§ **PROVIDED RECORDS**:
**********
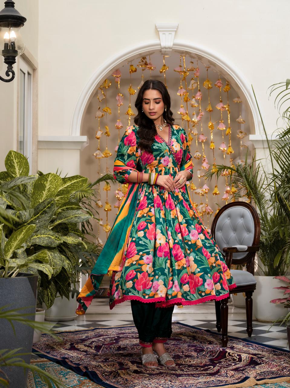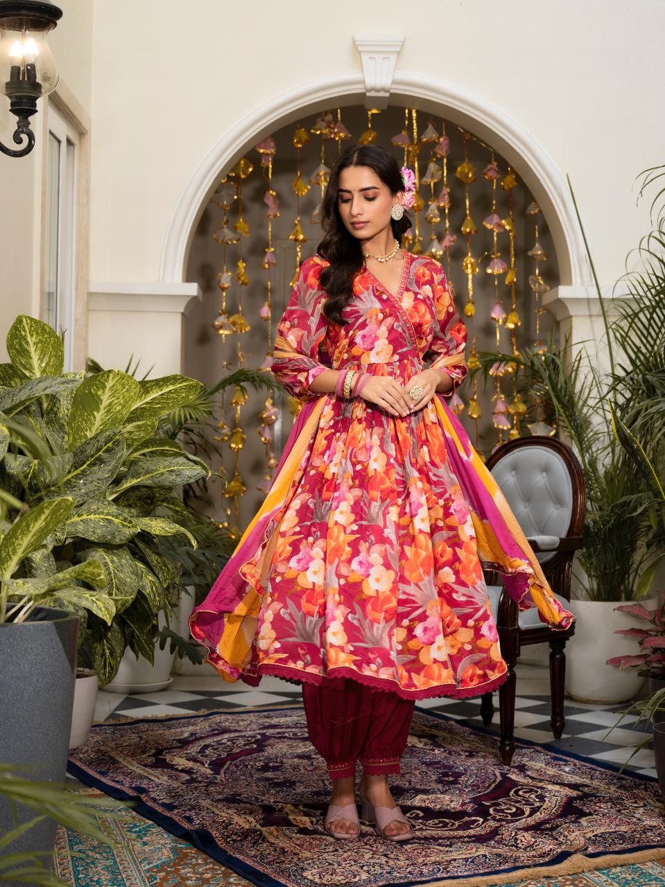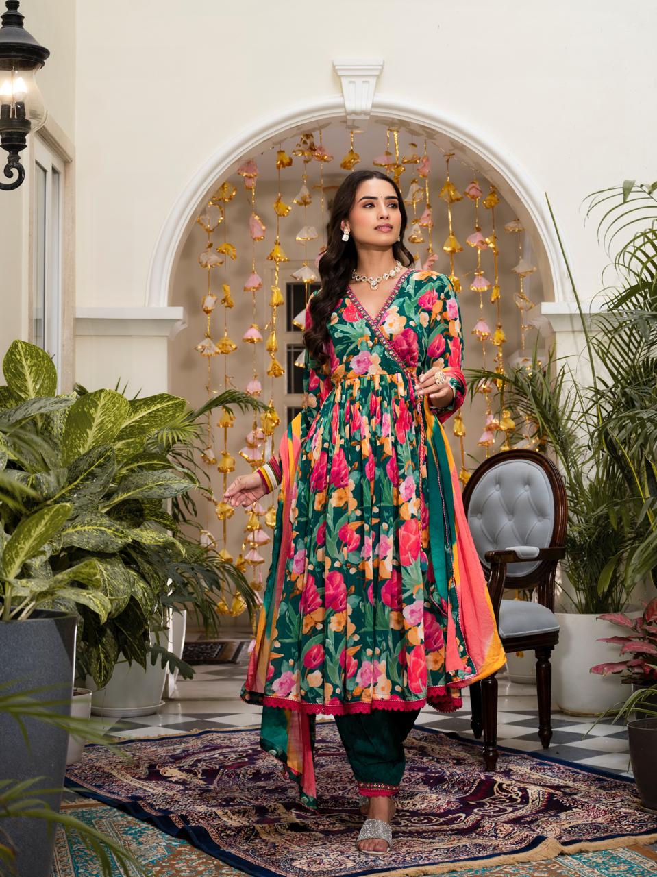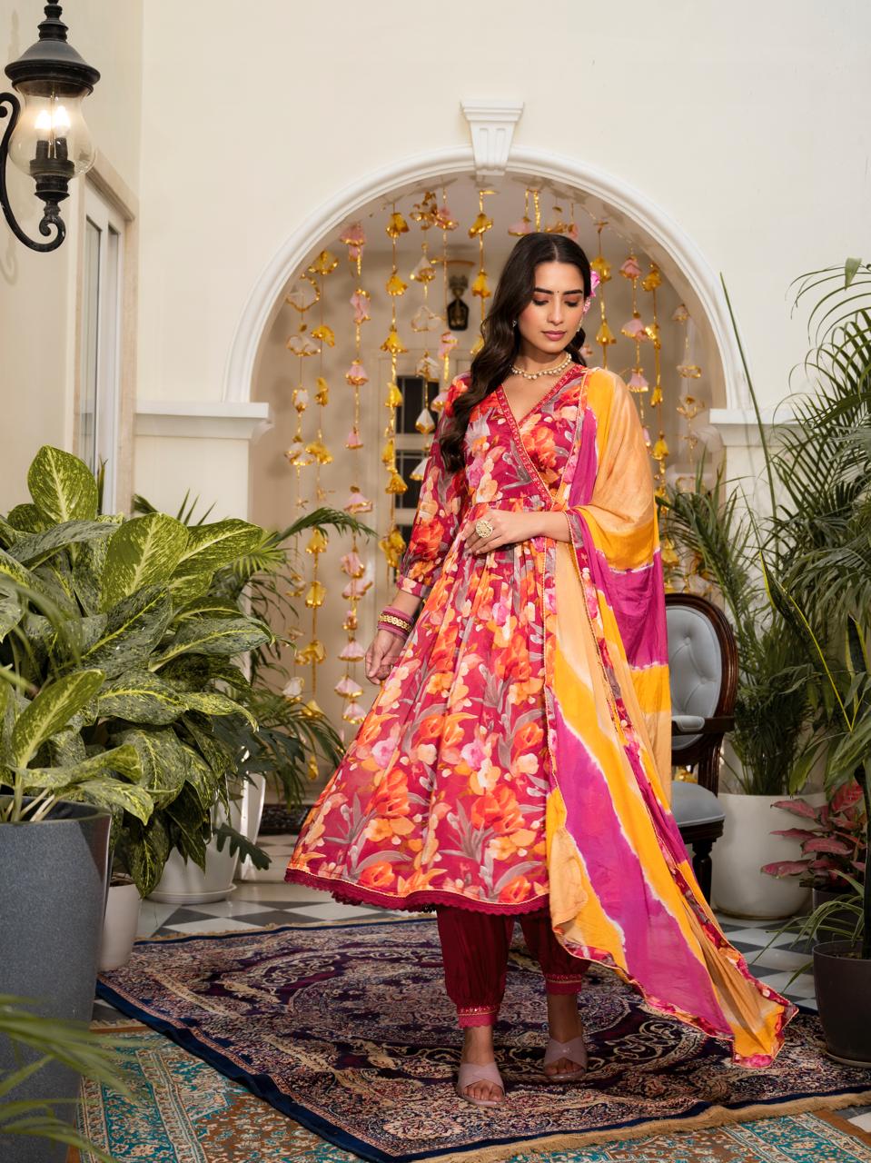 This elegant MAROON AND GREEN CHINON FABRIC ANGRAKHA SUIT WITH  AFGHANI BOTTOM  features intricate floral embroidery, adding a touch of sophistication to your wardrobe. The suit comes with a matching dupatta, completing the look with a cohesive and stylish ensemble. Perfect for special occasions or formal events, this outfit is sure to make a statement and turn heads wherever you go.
**********
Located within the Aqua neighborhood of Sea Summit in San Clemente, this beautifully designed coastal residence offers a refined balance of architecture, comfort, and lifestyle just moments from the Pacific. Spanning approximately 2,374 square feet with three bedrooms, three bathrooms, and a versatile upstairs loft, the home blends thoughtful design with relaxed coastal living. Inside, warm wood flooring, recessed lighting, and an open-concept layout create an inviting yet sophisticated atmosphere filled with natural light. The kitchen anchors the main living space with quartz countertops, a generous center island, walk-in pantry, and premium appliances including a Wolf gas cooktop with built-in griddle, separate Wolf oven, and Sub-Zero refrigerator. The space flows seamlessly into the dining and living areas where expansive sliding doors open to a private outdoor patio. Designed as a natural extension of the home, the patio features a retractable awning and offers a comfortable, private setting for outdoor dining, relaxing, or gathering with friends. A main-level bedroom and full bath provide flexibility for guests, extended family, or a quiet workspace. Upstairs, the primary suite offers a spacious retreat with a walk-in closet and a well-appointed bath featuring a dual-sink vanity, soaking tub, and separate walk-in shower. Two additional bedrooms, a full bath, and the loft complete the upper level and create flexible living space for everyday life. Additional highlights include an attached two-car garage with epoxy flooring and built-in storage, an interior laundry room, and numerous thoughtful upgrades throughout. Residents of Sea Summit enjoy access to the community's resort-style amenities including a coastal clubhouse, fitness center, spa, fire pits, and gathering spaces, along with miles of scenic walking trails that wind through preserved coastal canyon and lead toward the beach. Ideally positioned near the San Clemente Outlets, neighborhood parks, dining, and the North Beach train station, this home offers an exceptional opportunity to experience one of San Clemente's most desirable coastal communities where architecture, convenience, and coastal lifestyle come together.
**********
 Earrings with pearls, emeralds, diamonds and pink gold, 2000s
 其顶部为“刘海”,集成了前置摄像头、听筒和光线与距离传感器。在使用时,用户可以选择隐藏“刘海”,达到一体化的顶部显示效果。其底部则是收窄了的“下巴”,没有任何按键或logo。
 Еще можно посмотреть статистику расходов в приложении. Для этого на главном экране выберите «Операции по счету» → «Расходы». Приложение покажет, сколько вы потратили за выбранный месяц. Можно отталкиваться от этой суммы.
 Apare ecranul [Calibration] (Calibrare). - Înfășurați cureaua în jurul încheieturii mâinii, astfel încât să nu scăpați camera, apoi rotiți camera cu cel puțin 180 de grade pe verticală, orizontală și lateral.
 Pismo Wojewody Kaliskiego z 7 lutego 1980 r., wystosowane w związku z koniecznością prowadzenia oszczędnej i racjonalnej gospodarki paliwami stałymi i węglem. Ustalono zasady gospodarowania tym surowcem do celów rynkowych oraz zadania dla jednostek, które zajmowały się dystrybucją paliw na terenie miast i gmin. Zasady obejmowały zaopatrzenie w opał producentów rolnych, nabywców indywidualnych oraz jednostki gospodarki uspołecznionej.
**********
§ **YOUR INSTRUCTIONS**: A verbatim transcription is needed of the lines above, starting at the line with "Earrings with pearls, emeralds, diamonds" and ending at the line with "Apare ecranul [Calibration]", both included, and of nothing else.

§ **ANSWER SPACE**:
 Earrings with pearls, emeralds, diamonds and pink gold, 2000s
 其顶部为“刘海”,集成了前置摄像头、听筒和光线与距离传感器。在使用时,用户可以选择隐藏“刘海”,达到一体化的顶部显示效果。其底部则是收窄了的“下巴”,没有任何按键或logo。
 Еще можно посмотреть статистику расходов в приложении. Для этого на главном экране выберите «Операции по счету» → «Расходы». Приложение покажет, сколько вы потратили за выбранный месяц. Можно отталкиваться от этой суммы.
 Apare ecranul [Calibration] (Calibrare). - Înfășurați cureaua în jurul încheieturii mâinii, astfel încât să nu scăpați camera, apoi rotiți camera cu cel puțin 180 de grade pe verticală, orizontală și lateral.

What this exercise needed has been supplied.